Transcribe the entries below exactly, starting with the line that has "9x opvouwbare kegel" and stopping after the line that has "8月14日,在北京奧運會乒乓"; no pictures belong in the copy.
--- Extracted material ---
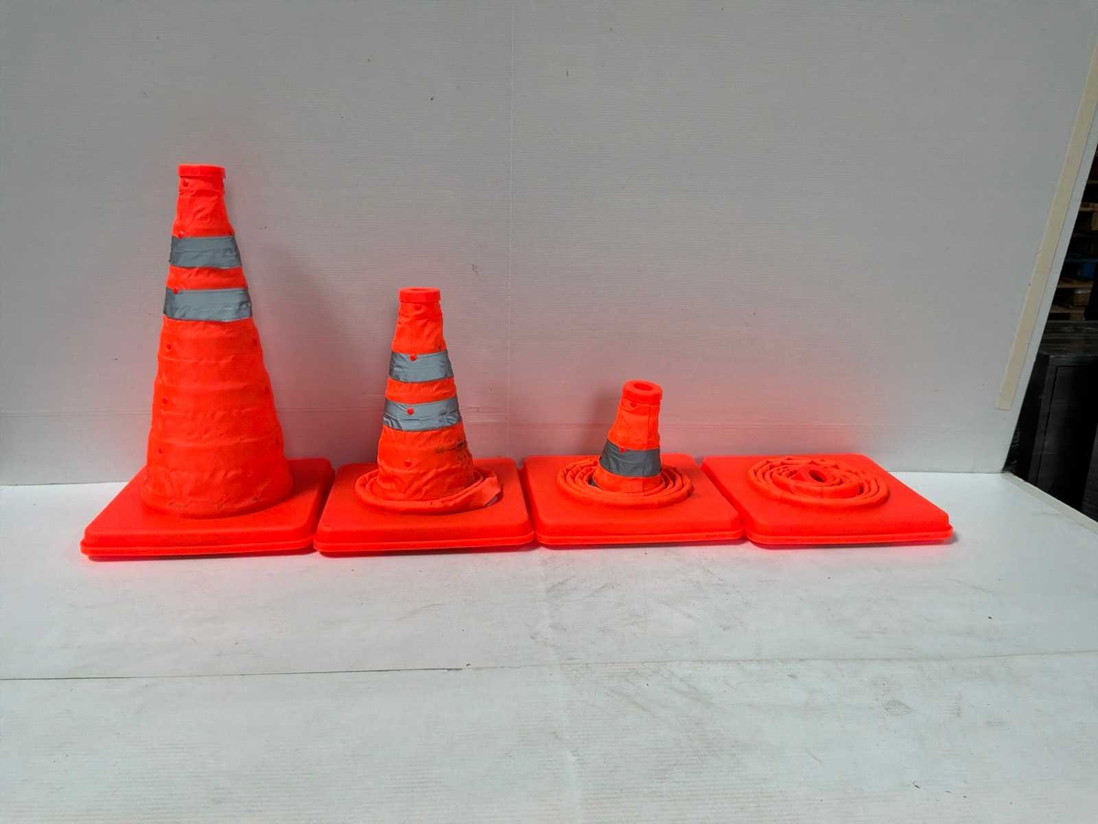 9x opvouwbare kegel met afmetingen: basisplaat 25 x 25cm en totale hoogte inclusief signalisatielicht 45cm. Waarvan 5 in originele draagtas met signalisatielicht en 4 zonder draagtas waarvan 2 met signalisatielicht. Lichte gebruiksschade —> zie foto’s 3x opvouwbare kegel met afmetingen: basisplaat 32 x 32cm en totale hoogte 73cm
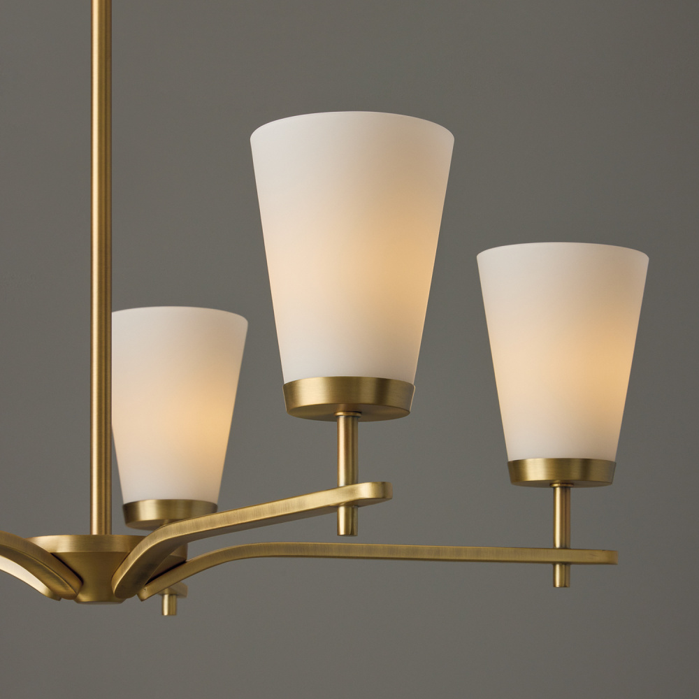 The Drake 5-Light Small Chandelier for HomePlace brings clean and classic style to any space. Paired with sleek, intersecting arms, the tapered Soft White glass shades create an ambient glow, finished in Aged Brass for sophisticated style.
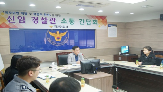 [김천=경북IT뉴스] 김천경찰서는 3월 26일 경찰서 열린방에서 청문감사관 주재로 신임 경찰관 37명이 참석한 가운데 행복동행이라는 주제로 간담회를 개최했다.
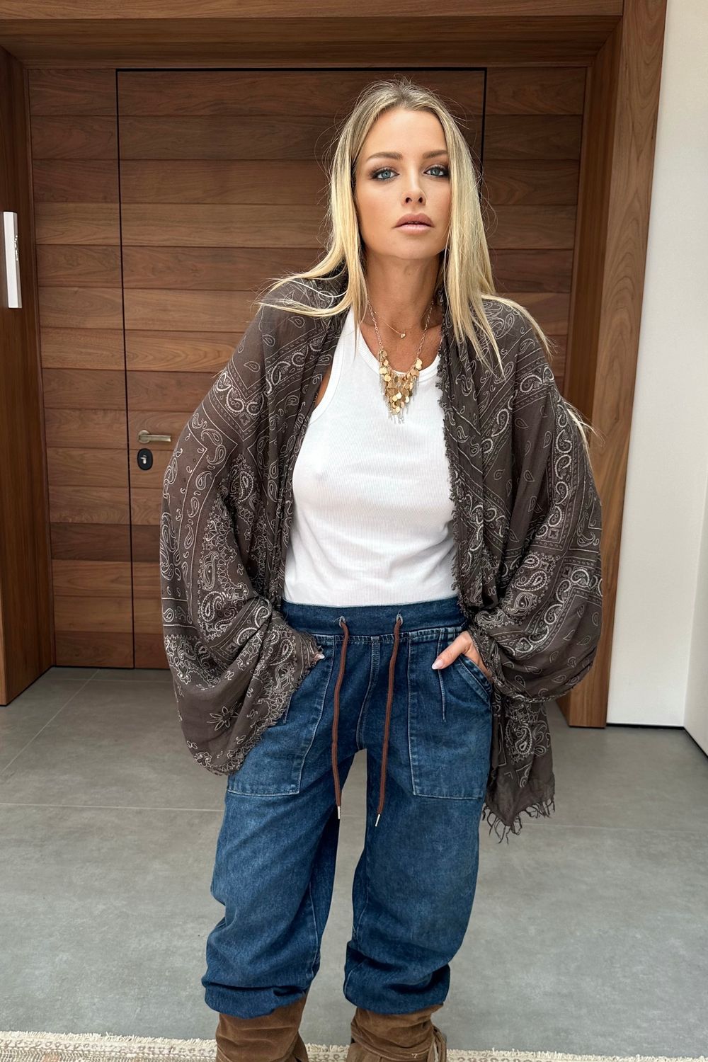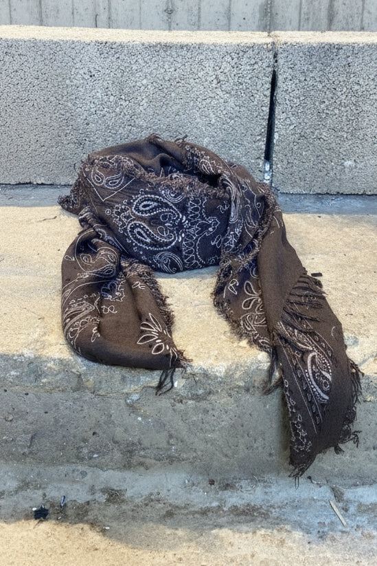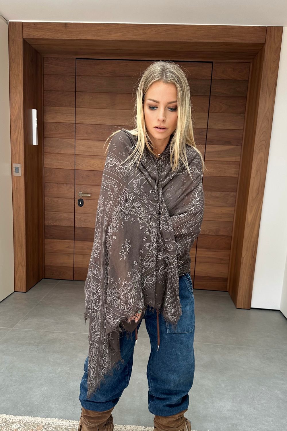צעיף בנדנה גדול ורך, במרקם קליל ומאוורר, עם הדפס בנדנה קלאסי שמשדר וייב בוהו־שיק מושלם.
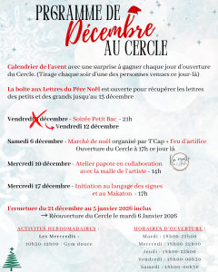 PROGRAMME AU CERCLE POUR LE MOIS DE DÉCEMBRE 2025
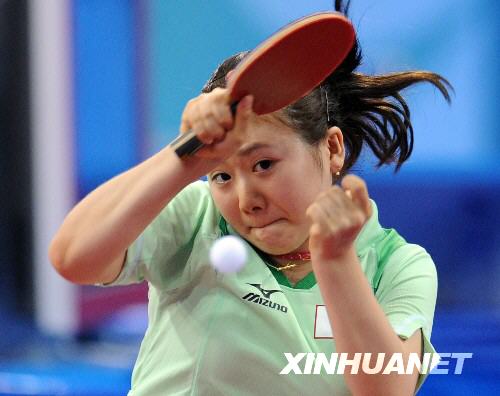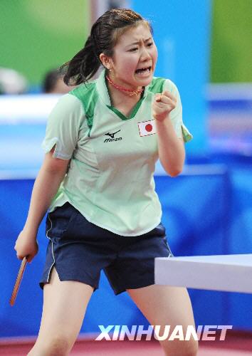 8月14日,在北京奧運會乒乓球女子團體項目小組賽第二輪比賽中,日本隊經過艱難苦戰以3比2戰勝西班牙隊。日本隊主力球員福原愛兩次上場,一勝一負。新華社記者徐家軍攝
---
--- Extracted material ---
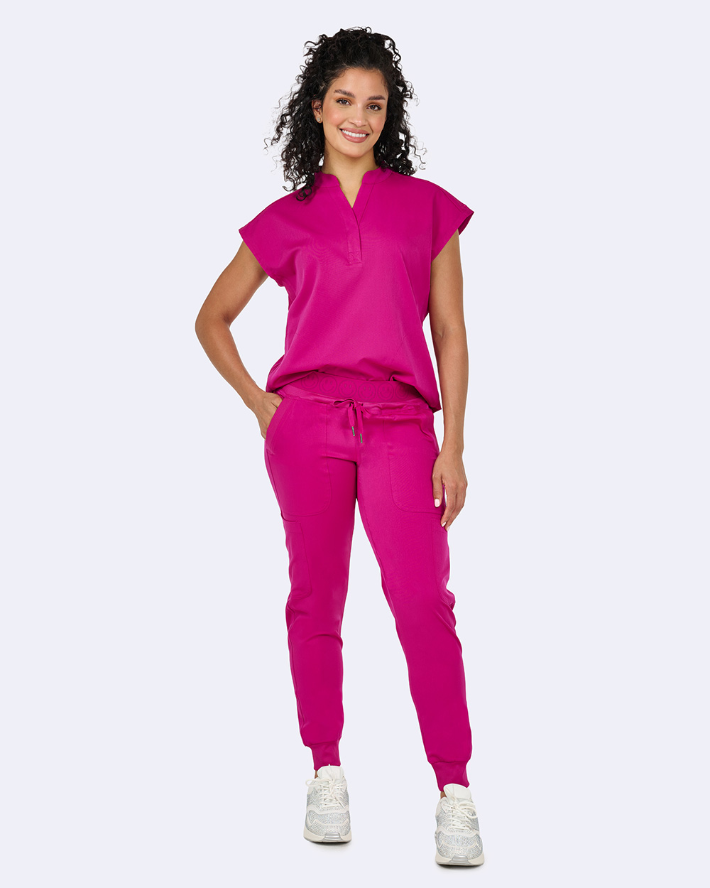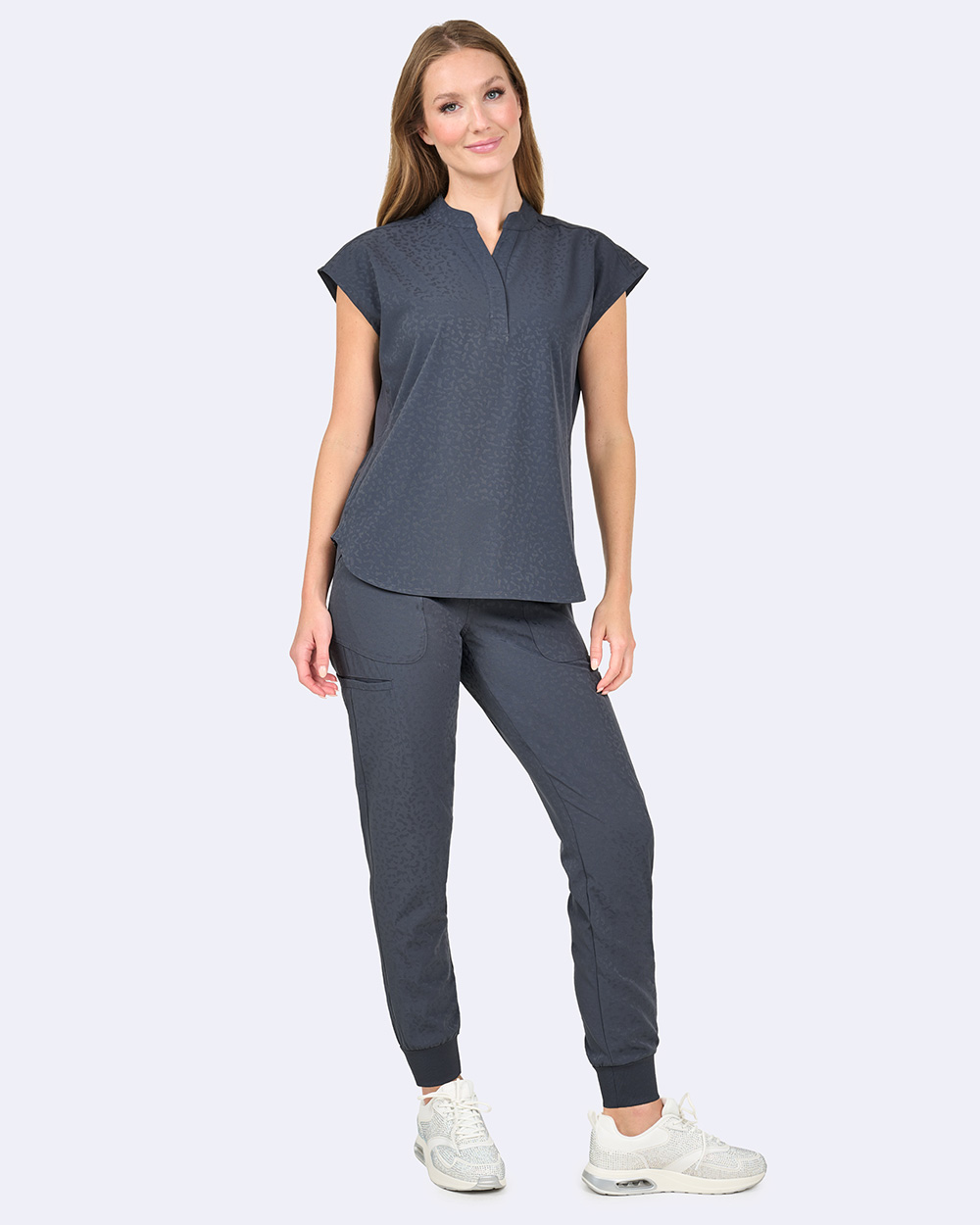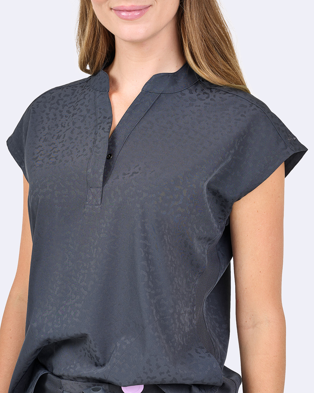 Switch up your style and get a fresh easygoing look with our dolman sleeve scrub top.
---
--- Extracted material ---
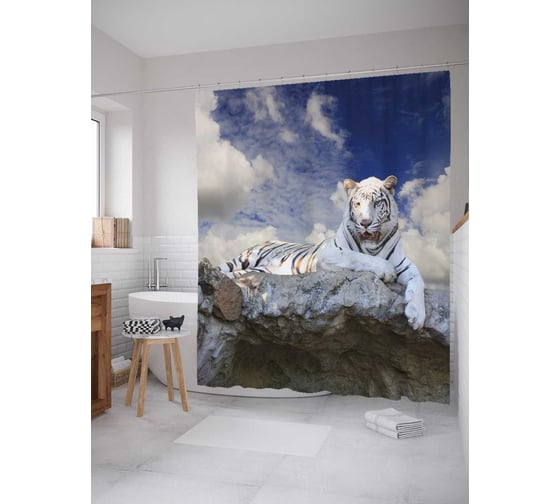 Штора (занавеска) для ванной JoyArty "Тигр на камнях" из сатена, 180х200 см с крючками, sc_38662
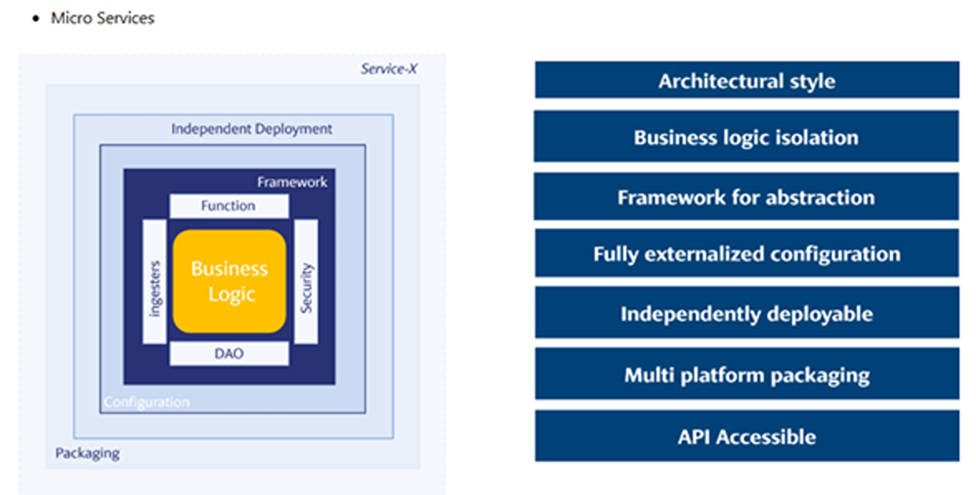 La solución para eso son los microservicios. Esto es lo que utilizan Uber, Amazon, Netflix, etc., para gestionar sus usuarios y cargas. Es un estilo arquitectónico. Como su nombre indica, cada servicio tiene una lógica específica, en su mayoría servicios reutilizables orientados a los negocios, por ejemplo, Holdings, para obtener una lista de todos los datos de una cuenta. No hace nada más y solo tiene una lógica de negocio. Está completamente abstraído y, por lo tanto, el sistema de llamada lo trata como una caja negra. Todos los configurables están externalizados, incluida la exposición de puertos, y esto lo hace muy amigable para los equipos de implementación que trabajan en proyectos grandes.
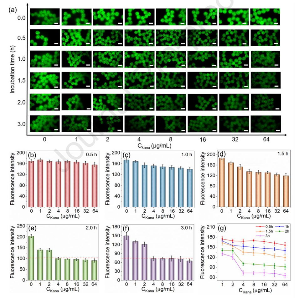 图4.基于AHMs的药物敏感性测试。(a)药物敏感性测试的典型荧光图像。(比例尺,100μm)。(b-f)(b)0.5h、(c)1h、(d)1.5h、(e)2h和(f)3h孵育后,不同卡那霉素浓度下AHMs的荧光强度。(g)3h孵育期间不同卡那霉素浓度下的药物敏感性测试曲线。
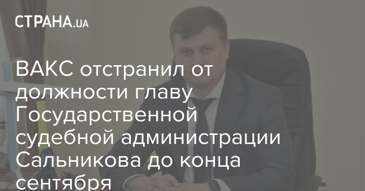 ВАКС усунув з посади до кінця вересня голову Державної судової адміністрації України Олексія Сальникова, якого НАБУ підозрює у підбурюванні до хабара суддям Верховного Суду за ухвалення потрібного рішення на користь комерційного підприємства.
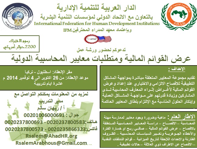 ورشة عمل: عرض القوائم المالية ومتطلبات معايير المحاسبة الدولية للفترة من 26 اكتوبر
---
Response for this exercise:
 9x opvouwbare kegel met afmetingen: basisplaat 25 x 25cm en totale hoogte inclusief signalisatielicht 45cm. Waarvan 5 in originele draagtas met signalisatielicht en 4 zonder draagtas waarvan 2 met signalisatielicht. Lichte gebruiksschade —> zie foto’s 3x opvouwbare kegel met afmetingen: basisplaat 32 x 32cm en totale hoogte 73cm
 The Drake 5-Light Small Chandelier for HomePlace brings clean and classic style to any space. Paired with sleek, intersecting arms, the tapered Soft White glass shades create an ambient glow, finished in Aged Brass for sophisticated style.
 [김천=경북IT뉴스] 김천경찰서는 3월 26일 경찰서 열린방에서 청문감사관 주재로 신임 경찰관 37명이 참석한 가운데 행복동행이라는 주제로 간담회를 개최했다.
צעיף בנדנה גדול ורך, במרקם קליל ומאוורר, עם הדפס בנדנה קלאסי שמשדר וייב בוהו־שיק מושלם.
 PROGRAMME AU CERCLE POUR LE MOIS DE DÉCEMBRE 2025
 8月14日,在北京奧運會乒乓球女子團體項目小組賽第二輪比賽中,日本隊經過艱難苦戰以3比2戰勝西班牙隊。日本隊主力球員福原愛兩次上場,一勝一負。新華社記者徐家軍攝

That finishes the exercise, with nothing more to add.